Health care employers in California are now required to accommodate nurses who have lifting restrictions. In other states, nurses must prove that they have a disability covered by the Americans With Disabilities Act (ADA) to receive an accommodation.
The new law means California nurses may now decline to participate in a patient lift, reposition or transfer without fear of reprisal. As long as their concerns relate to safety, nurses cannot be fired for refusing to lift a patient.
The Hospital Patient and Health Care Worker Injury Protection Act is aimed at improving safety and reducing turnover in a state where more than 12 percent of nurses leave the workforce each year due to back injuries.
“It is imperative that we protect our registered nurses and other health care workers from injury, and provide patients with safe and appropriate care,” the law states. “At a cost of between [$60,000] and [$140,000] to train and orient each new nurse, preventing turnover from injuries will save hospitals money.”
The new law also requires employers to train and provide staff to help employers lift patients.

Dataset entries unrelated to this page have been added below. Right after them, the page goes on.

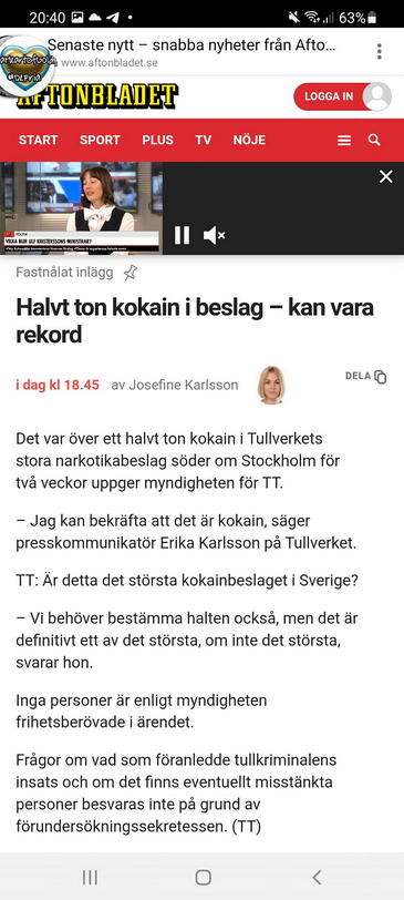 Över Ett Halvt Ton Kokain Taget Söder Om Stockholm
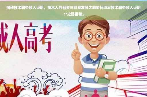 摘要:本文将探讨技术职务在收入证明中的填写方式,同时揭秘技术人员的薪资与职业发展之路。本文将指导读者如何正确填写技术职务,并探讨技术人员的薪资水平及其影响因素,包括技能水平、工作经验、行业发展趋势等。本文还将讨论技术人员职业发展的路径和关键因素,帮助读者了解如何提升技能、拓展职业领域和实现个人价值。本文旨在帮助技术人员更好地规划自己的职业发展,提高个人收入水平。
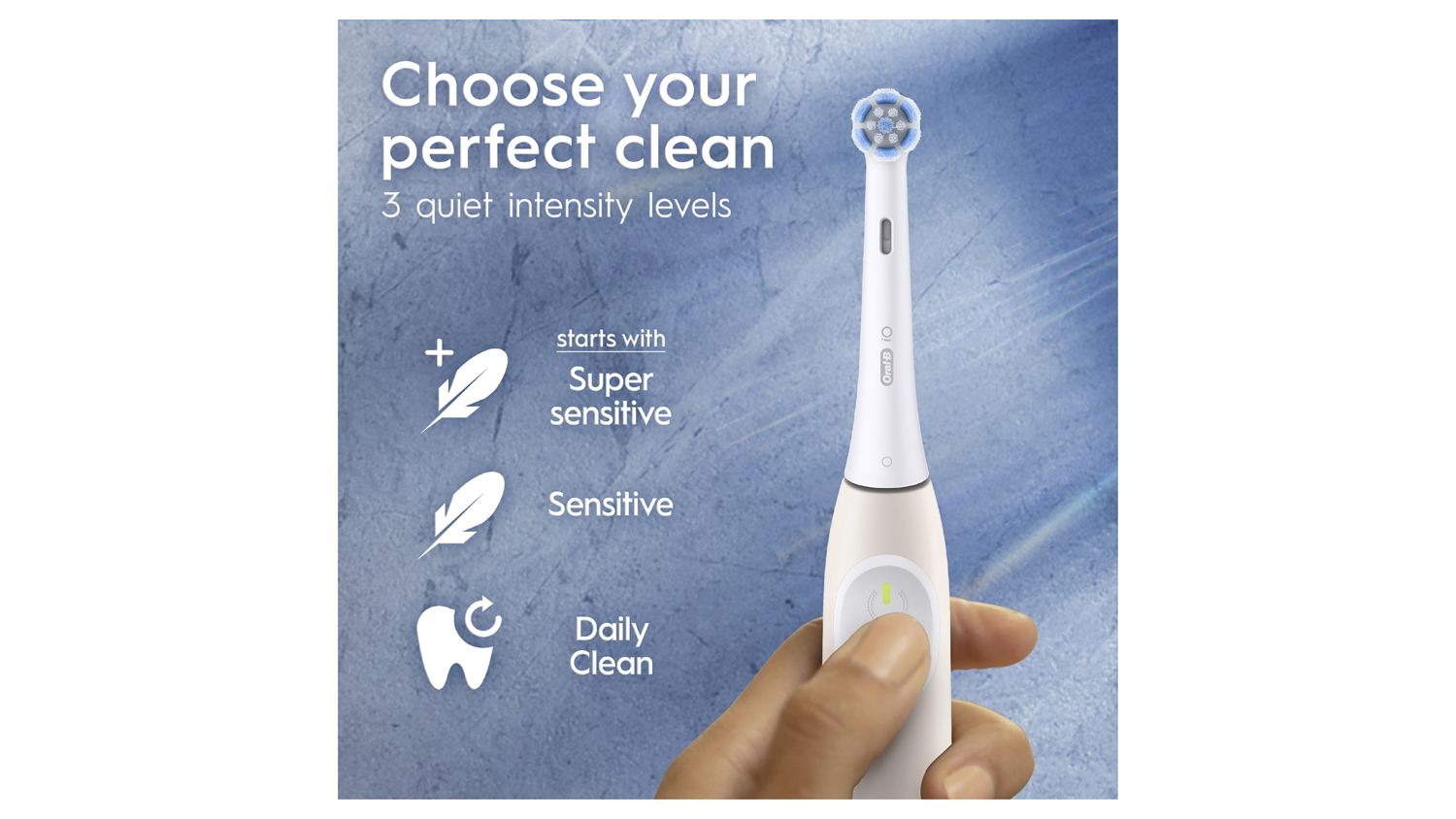 Welcome to the future of plaque removal. The Oral-B iO Series 2 Gentle Clean Sensitive Electric Toothbrush features the dentist-inspired round head with adaptive micropulsations and iO Revolutionary Technology. It also highlights a Visible Gum Pressure Sensor, 3 cleaning modes, and a 2-minute timer to help you build better brushing habits. Now you can enjoy a precise, gentle, and unbelievably thorough clean every time.

While the California law applies only in-state, nurses throughout the country receive some level of protection under the ADA, according to U.S. Equal Employment Opportunity Commission guidance.
The EEOC has made clear that employers in the health care industry may need to provide a portable mechanical patient lifting device to a nurse with a lifting restricting. “Purchase of the device and the cost of the associated training would not pose an undue hardship,” according to the EEOC.